Già oggi, infatti, è prevista in Gazzetta Ufficiale la pubblicazione dell’apposito decreto che darà ufficialmente il via alla nuova diavoleria del fisco, in grado di valutare la rispondenza tra dichiarazioni di reddito e tenore di vita, per mezzo di cento voci-spia che certifichino l’assonanza tra spese sostenute e guadagni ufficialmente riportati.

Con il nuovo anno, insomma, la contabilità pubblica nazionale mostra il suo volto più crudele, mettendo in pratica per la prima volta un monitoraggio tra le abitudini di consumo private delle famiglie e la base imponibile da queste dichiarata.


E se qualcuno, a leggere queste righe, sta cercando una soluzione per mettersi al riparo, meglio abbandonare l’idea e, per i meno avveduti, pregare: il primo screening vedrà coinvolte infatti le dichiarazioni emesse nel 2010 riguardo i redditi accumulati l’anno precedente.

Insomma, è tutto già scritto, non si può fare altro che aspettare, nella speranza di passare indenni dai cecchini dell’Agenzia delle Entrate.

Sono 55 i modelli famigliari entro cui verranno ascritti tutti i nuclei del Paese, 11 tipologie per cinque aree geografiche, che finiranno sotto l’occhio indagatore del fisco, disposto a graziare i contribuenti entro la soglia del 20% di differenza tra reddito dichiarato e stimato in base al comportamento di consumo.

Come detto, le voci che certificheranno la coerenza o meno del comportamento posto in essere dalle famiglie italiane sono addirittura 100, includendo categorie merceologiche disparate, dall’abbigliamento, allo sfruttamento di risorse quali l’energia elettrica o il gas, fino agli investimenti sostenuti, il possesso di articoli tecnologici, inclusi i telefonini, e anche il supporto di collaboratori domestici.

Naturalmente, uno degli ambiti più battuti dalla caccia all’evasore è quello dei trasporti, includendo, con ciò, anche le spese ritenute necessarie per il mantenimento di auto di lusso e non, barche, moto la cui proprietà possa risultare in distonia con il regime contributivo ufficialmente dichiarato.
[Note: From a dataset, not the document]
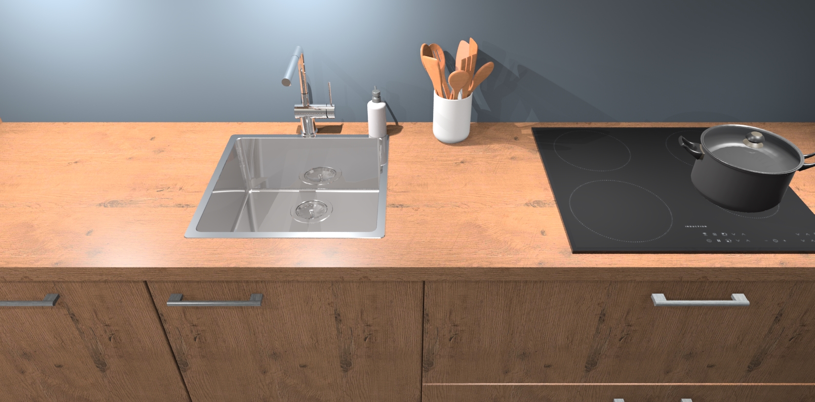 - Uitsparing van kookplaat, spoelbak en kraan dient u zelf te verzorgen.

L’unica arma nelle mani del contribuente, a ben vedere, quella di riuscire a dimostrare che le eventuali spese in eccesso sono state foraggiate da redditi differenti rispetto a quello sottoposto a imposizione, grazie alla partecipazione economica di altre persone, fisiche oppure no.
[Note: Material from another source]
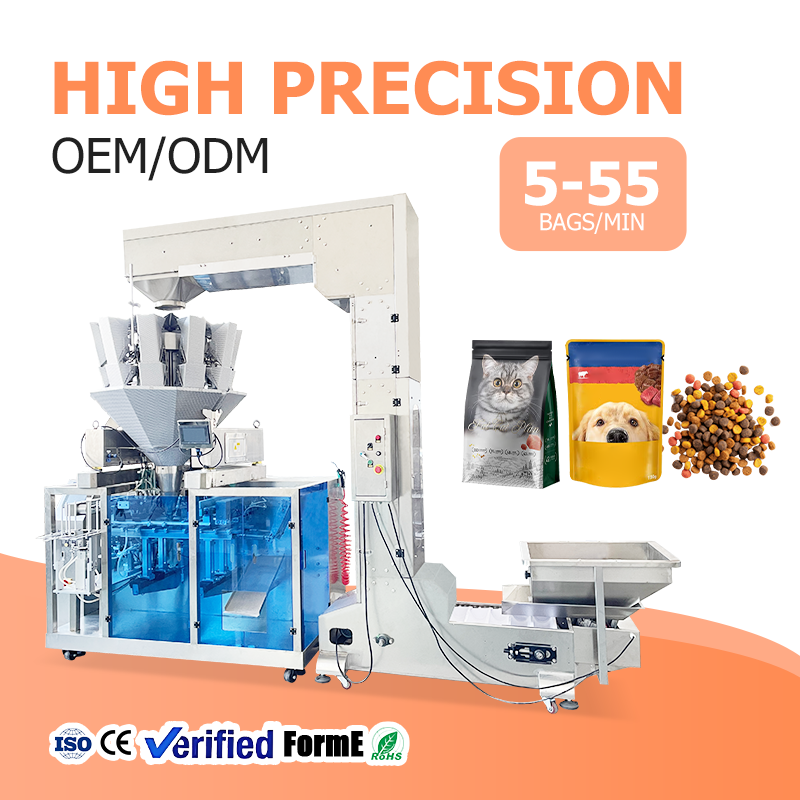 Machine d'emballage automatique pour aliments secs pour animaux de compagnie (chats, chiens), granulés et snacks, équipement de remplissage et de scellage de sachets Doypack préformés à fermeture éclair
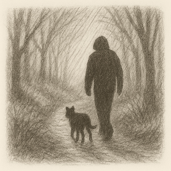 The rain thickens now, heavy enough to darken the earth beneath our feet, but not enough to dampen Carys’ spirit. She trots ahead, raincoat shining, nose pressed to the edges of the path where the wild things dwell. The valley speaks to her in scents and rustles.

L’entrata in vigore ufficiale del redditometro è prevista per marzo: anche qui, come per la Tares, un effetto che si farà sentire sui cittadini poche settimane dopo le elezioni politiche, quando il nuovo Parlamento sarà già composto e, magari, pronto a chiedere ulteriori sacrifici agli italiani in nome di un’equità che resta un miraggio, nonostante tutto.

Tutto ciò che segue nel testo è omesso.